Anonymous wrote:
Anonymous wrote:If you've been following this thread, pretty much any Southern naming traditions are viewed as pretentious or trashy on DCUM. Ignore it. Don't take advice from Jersey Shore wannabes.
But you have no stereotyping or class issues, PP. None. (And you weirdly assume that everyone here is a "Jersey Shore wannabe"? Whoosh to your reading skills, lady.)
I like Hutchings, although I think it would be misheard as Hutchens or Hitchens a lot.
Just so you know, although I've been accused of being hilariously pretentious on this thread, I am the person who mentioned "Hutchings" and I am not the person who called anyone a "Jersey Shore Wannabe", because that would be rude, I am a southerner with good breeding and I do not say "bless your heart".

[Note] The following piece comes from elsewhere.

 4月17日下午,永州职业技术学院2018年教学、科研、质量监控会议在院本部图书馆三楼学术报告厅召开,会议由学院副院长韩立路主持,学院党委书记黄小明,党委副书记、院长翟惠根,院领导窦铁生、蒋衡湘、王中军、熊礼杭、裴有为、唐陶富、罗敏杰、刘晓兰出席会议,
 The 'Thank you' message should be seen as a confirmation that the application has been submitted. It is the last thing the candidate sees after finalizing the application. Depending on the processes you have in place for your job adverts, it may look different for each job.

As a many generation southerner from a very long line of people with recycled given and sur- names, I disagree that this practice, in and of itself, is pretentious - it's not an affectation I adopted in order to have some pretense to a background I don't have - I literally didn't ask for it and it is my actual background. That doesn't make me a better or more worthy person than anyone else from any other background. It does mean that I'm not being "pretentious" when I (re)use what are really my family names.

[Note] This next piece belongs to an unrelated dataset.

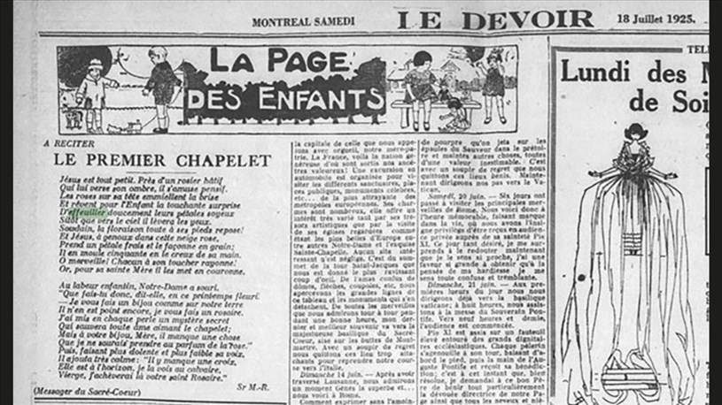 Poème ayant pour titre « Le premier chapelet » paru dans le journal Le Devoir, p.10, 1925-07-18.

Pretension is putting on airs - adopting superficial totems of another in order to try to claim "belonging". It is pretentious when white boys from Chevy Chase adopt hip-hop names and talk like they are from east of the park (or east of the Anacostia). It's pretentious when manassaholes put brick gateposts up out in front of their modular unit and name their kids Carrington.
I mentioned a few names I really like, but would never give my child, because they would be a pretension - for example, suggesting French heritage. I'm a francophile and I think they're great names, but I'm not of French descent.